TASK PROMPT
Restate word for word the entries below, starting at the line with "Steak Bites with" and ending at the line with "Zarrella, completamente surpreso.". Keep both end lines and omit the pictures.

EXERCISE MATERIAL
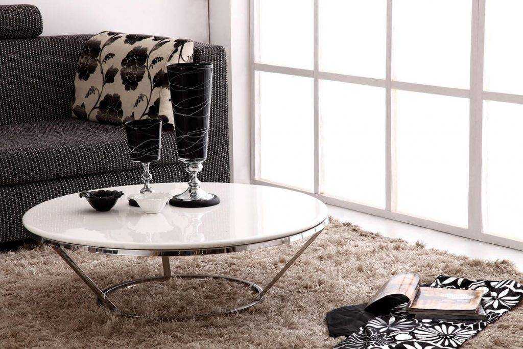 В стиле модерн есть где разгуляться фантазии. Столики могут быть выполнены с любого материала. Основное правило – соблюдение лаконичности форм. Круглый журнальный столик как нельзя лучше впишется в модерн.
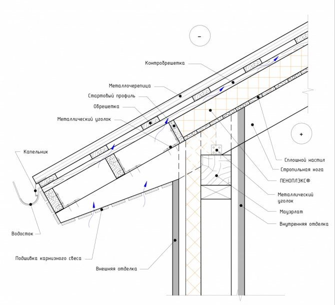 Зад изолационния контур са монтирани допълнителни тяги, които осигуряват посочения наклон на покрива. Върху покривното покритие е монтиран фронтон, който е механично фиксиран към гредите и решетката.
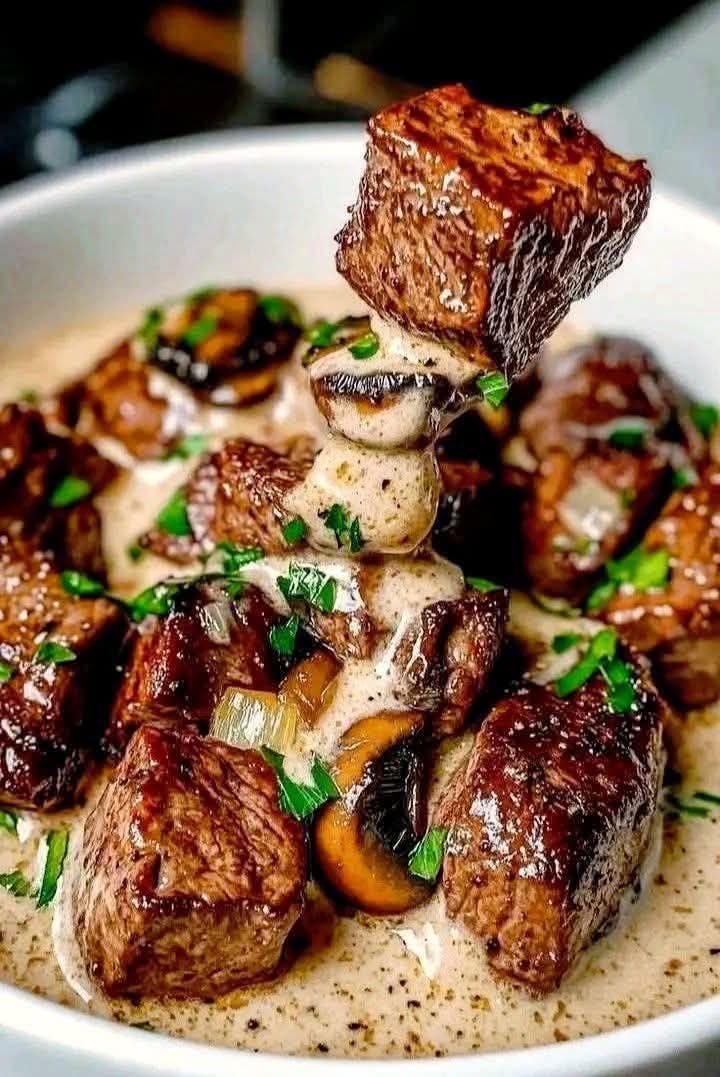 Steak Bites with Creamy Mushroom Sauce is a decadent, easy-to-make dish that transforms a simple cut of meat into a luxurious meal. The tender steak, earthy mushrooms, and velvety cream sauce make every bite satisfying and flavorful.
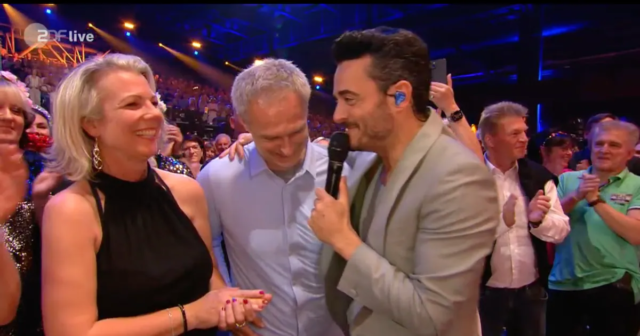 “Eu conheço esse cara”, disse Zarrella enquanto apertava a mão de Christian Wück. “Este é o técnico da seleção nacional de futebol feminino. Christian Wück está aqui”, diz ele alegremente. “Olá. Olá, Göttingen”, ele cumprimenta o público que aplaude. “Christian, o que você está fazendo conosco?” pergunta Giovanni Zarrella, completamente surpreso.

---

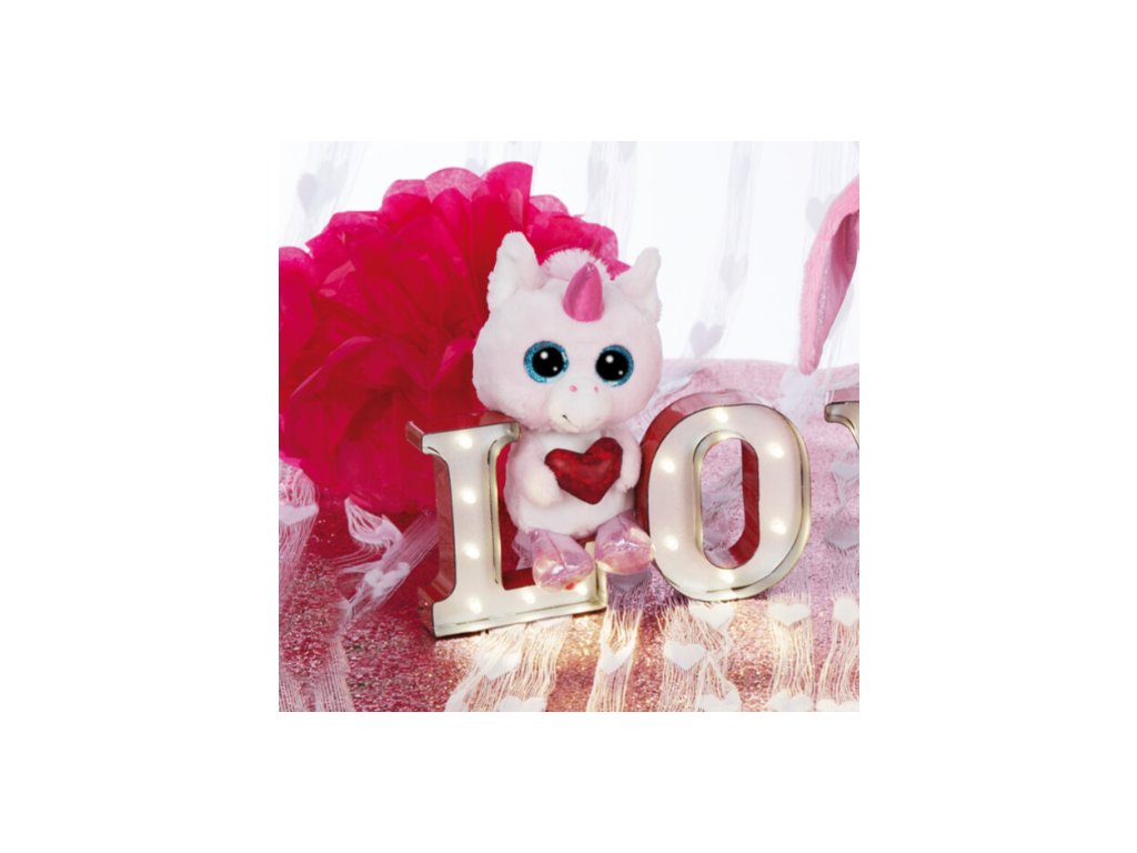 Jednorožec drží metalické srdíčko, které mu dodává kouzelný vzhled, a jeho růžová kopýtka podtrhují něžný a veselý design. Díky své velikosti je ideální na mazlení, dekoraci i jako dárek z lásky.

* * *

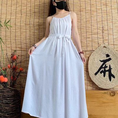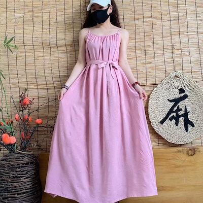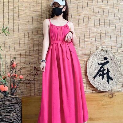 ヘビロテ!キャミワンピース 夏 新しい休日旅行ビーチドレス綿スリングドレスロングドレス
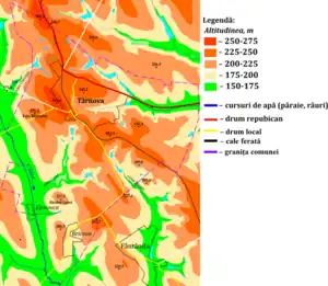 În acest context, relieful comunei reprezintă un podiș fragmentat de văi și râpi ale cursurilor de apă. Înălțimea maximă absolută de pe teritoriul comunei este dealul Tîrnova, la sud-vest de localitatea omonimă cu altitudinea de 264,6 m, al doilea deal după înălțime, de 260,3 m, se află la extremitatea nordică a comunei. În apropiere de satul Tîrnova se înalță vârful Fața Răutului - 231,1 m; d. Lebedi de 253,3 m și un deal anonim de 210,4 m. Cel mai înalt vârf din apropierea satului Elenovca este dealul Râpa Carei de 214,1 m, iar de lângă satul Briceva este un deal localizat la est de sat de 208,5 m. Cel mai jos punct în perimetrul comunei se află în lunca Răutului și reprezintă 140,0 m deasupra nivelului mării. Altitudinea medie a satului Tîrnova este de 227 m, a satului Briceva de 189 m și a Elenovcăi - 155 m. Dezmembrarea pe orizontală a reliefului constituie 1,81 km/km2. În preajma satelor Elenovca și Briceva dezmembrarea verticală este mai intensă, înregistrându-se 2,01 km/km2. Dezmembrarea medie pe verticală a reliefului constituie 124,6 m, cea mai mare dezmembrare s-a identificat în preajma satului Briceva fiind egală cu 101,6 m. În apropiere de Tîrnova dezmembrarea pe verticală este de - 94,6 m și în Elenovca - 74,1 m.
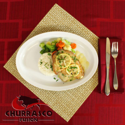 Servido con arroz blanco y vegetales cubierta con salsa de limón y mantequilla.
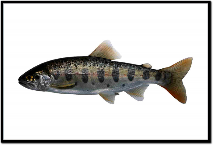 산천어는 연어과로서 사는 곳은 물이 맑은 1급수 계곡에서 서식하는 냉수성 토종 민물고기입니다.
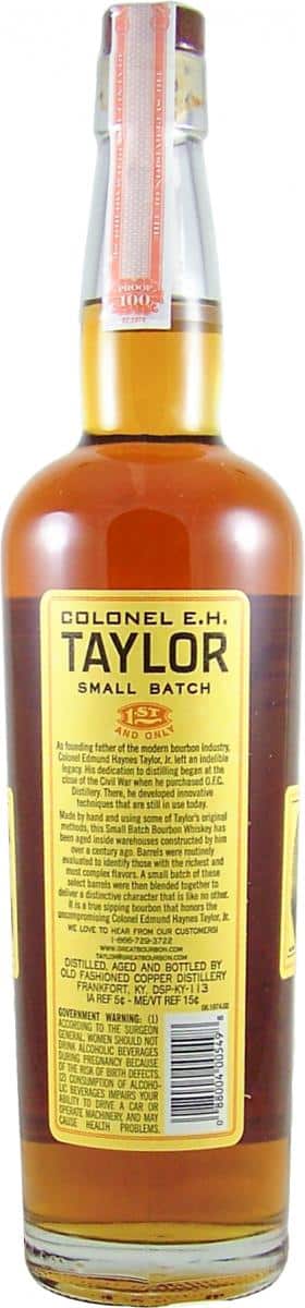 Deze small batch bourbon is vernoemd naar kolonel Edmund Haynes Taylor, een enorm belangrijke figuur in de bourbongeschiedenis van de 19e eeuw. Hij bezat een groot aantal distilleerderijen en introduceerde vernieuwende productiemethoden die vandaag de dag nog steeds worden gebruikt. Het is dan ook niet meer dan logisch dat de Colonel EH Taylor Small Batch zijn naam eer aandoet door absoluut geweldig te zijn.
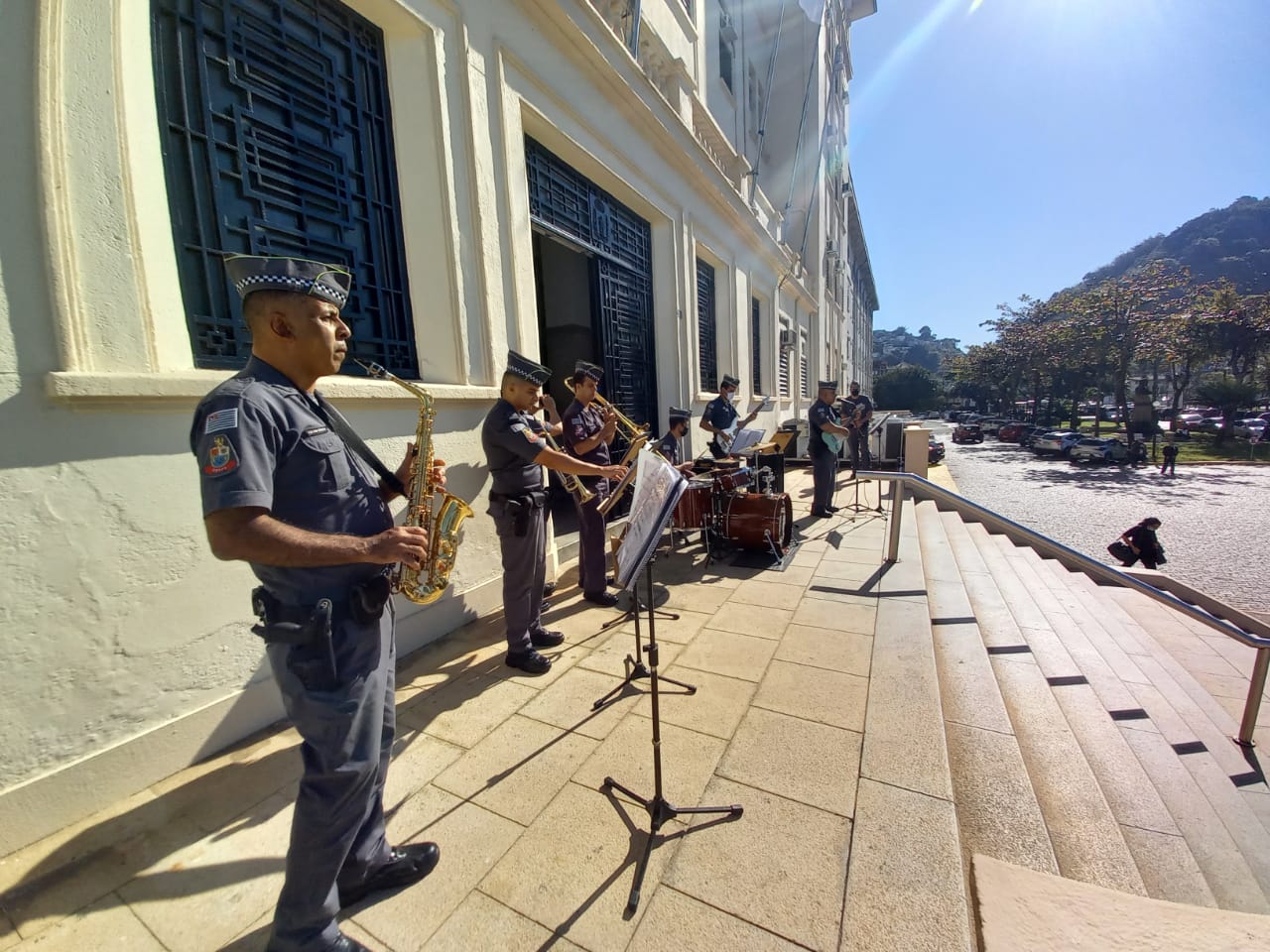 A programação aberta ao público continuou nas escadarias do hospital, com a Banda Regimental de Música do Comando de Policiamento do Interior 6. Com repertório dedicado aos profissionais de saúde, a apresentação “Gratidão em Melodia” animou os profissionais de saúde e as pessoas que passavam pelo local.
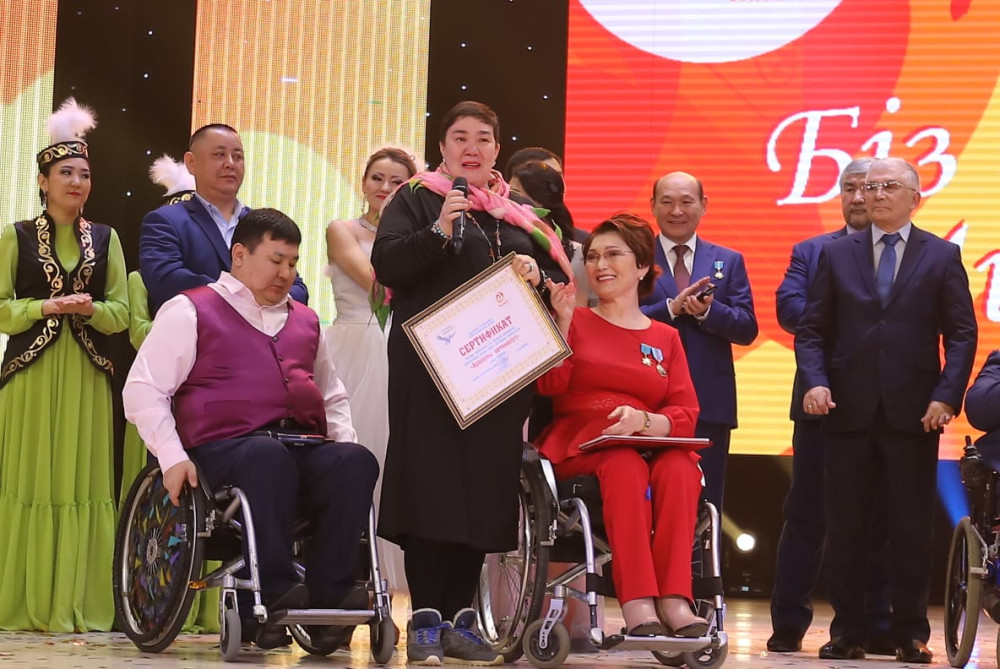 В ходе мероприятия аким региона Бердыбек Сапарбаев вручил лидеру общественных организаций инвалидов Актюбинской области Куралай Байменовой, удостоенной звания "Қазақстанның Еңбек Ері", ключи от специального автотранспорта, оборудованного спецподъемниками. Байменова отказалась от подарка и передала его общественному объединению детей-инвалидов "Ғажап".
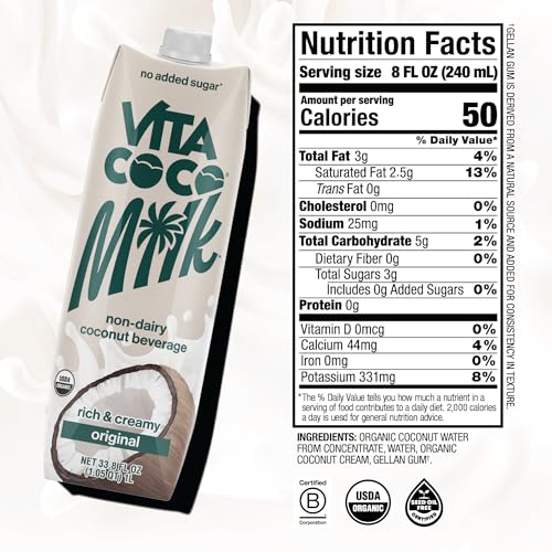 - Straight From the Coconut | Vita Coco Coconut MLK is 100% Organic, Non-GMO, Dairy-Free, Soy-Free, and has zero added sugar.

TASK OUTPUT
 Steak Bites with Creamy Mushroom Sauce is a decadent, easy-to-make dish that transforms a simple cut of meat into a luxurious meal. The tender steak, earthy mushrooms, and velvety cream sauce make every bite satisfying and flavorful.
 “Eu conheço esse cara”, disse Zarrella enquanto apertava a mão de Christian Wück. “Este é o técnico da seleção nacional de futebol feminino. Christian Wück está aqui”, diz ele alegremente. “Olá. Olá, Göttingen”, ele cumprimenta o público que aplaude. “Christian, o que você está fazendo conosco?” pergunta Giovanni Zarrella, completamente surpreso.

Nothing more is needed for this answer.